Question: How many teams have had runs of six seasons or more of successively improving their league position?
data.table for its speed.
library(engsoccerdata)
library(data.table)
library(ggplot2)
library(ggrepel)
maketable_eng function which accounts for the tie-breaking procedures and points for a win for each division in each season.
## Use the 'maketable_eng' function to make English tables based on rules for each season/division
#split Seasons by divisions/tiers into list
engseasons <- split(england, list(england$Season,england$division,england$tier))
engseasons <- Filter(function(x) dim(x)[1] > 0, engseasons) #drop empty dataframes (e.g no division 4 in 1900)
#get all combintions of divisions and seasons in data
seasontier <- as.data.frame(matrix(unlist(lapply(names(engseasons), function(x) strsplit(x, split="\\."))),ncol=3,byrow=T))
seasontier$V1 <- as.numeric(as.character(seasontier$V1))
seasontier$V2 <- as.character(seasontier$V2)
seasontier$V3 <- as.numeric(as.character(seasontier$V3))
#go through each division for each year and make a table
engtables <- list()
for(i in 1:nrow(seasontier)){
tmp <- maketable_eng(engseasons[[i]], Season=seasontier$V1[i], tier=seasontier$V3[i], division=seasontier$V2[i])
tmp$Season = seasontier$V1[i]
tmp$division = seasontier$V2[i]
tmp$tier=seasontier$V3[i]
engtables[[i]]<-tmp
}
#using data.table - Get position in pyramid for each team for each season
DT <- rbindlist(engtables)
DT$Pos <- as.numeric(DT$Pos)
DT <- DT[order(DT$Season,DT$tier,DT$Pos,DT$Pts,DT$gd),]
DT[, pyramidpos := seq_len(.N), by = Season]
DT
## team GP W D L gf ga gd Pts Pos Season
## 1: Preston North End 22 18 4 0 74 15 4.933333 40 1 1888
## 2: Aston Villa 22 12 5 5 61 43 1.418605 29 2 1888
## 3: Wolverhampton Wanderers 22 12 4 6 50 37 1.351351 28 3 1888
## 4: Blackburn Rovers 22 10 6 6 66 45 1.466667 26 4 1888
## 5: Bolton Wanderers 22 10 2 10 63 59 1.067797 22 5 1888
## ---
## 9000: Crawley Town 46 13 8 25 45 78 -33.000000 47 20 2015
## 9001: Morecambe 46 12 10 24 69 91 -22.000000 46 21 2015
## 9002: Newport County 46 10 13 23 43 64 -21.000000 43 22 2015
## 9003: Dagenham and Redbridge 46 8 10 28 46 81 -35.000000 34 23 2015
## 9004: York City 46 7 13 26 51 87 -36.000000 34 24 2015
## division tier pyramidpos
## 1: 1 1 1
## 2: 1 1 2
## 3: 1 1 3
## 4: 1 1 4
## 5: 1 1 5
## ---
## 9000: 4 4 88
## 9001: 4 4 89
## 9002: 4 4 90
## 9003: 4 4 91
## 9004: 4 4 92
The ‘gd’ variable above contains the tie-breaker for each season.
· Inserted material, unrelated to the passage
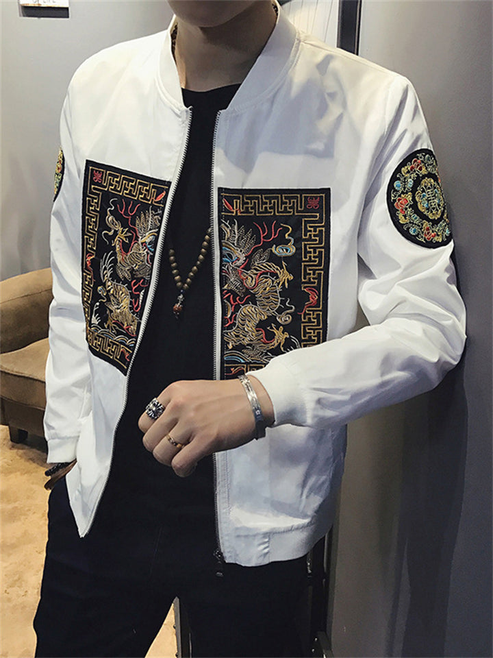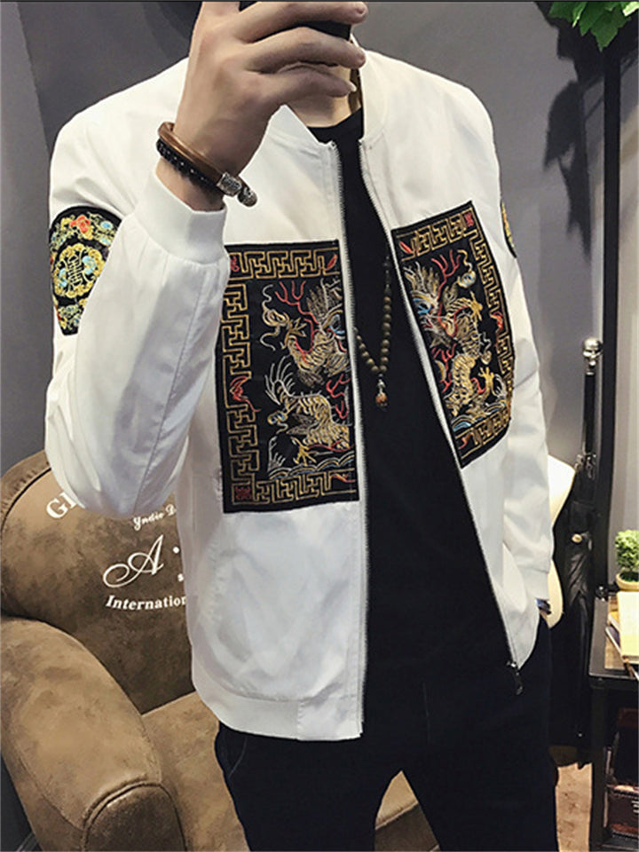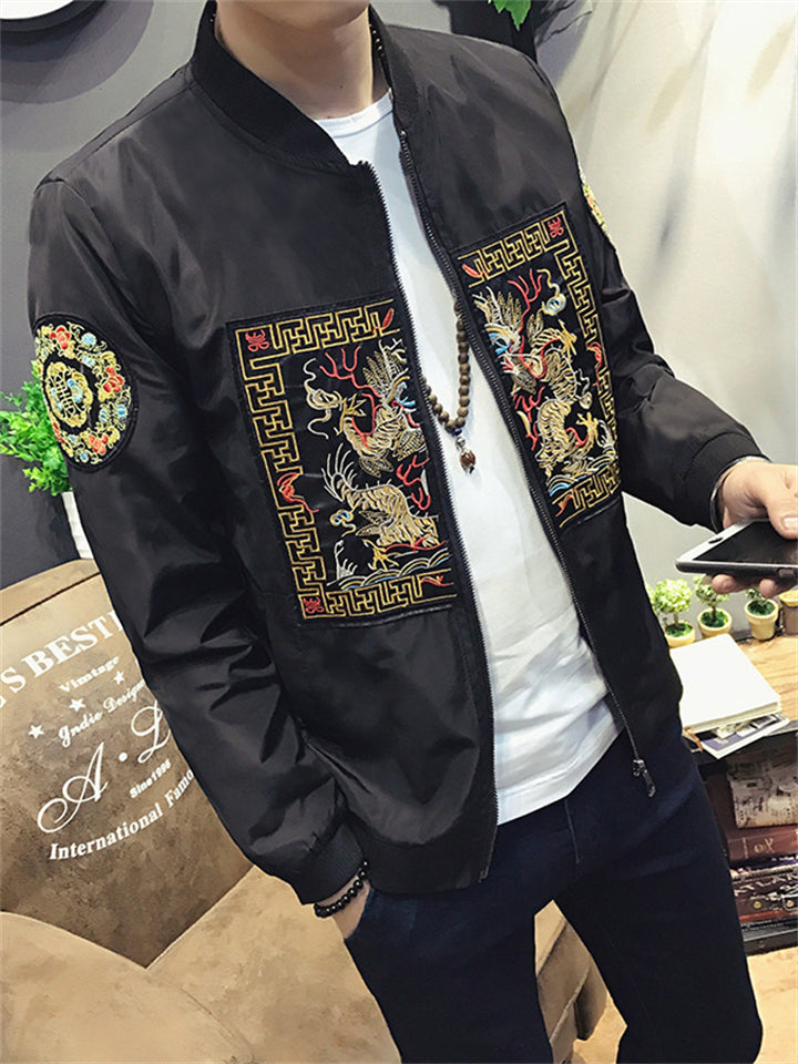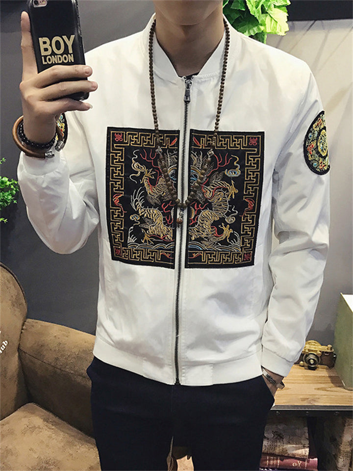 Men's Autumn Cartoon Loong Print Stand Collar Tangsuit Cardigan Jackets

In the 1888-89 season it was goal average (hence the decimal places) whereas in the 2015-16 season it was goal difference.
rle and keep those of six or more.
#calculate if pyramid position is higher or lower than previous year
setkey(DT,team)
DT[,posdiff:=c(NA,diff(pyramidpos)),by=team]
# this method of calculating difference in league positions has one draw back
# if teams get relegated from div4 and come back e.g. York City were relegated in 2003 and came back in 2012.
# it considers 2003 and 2012 to be successive seasons.
# we could add in NA seasons, but for this it is quicker to check manually our results at the end for these issues
DT[,updown:=posdiff/abs(posdiff),by=team]
DT[, updown := ifelse(is.na(updown), 0, updown)] #updown reads 0 - same or initial position, -1 = higher position, +1 = lower pos.
DT[, better := ifelse(updown==-1, 1, 0)] #if did better than previous year make 1, otherwise a 0.
DT[, rleLength := {rr <- rle(better); rep(rr$length, rr$length)}, by = 'team'] #calculate runs (better or not better)
#Find those with equal to or more than 6 seasons improvement in a row:
setkey(DT, better, rleLength)
DT1 <- DT[list(1, unique(rleLength[rleLength>=6])),nomatch=0]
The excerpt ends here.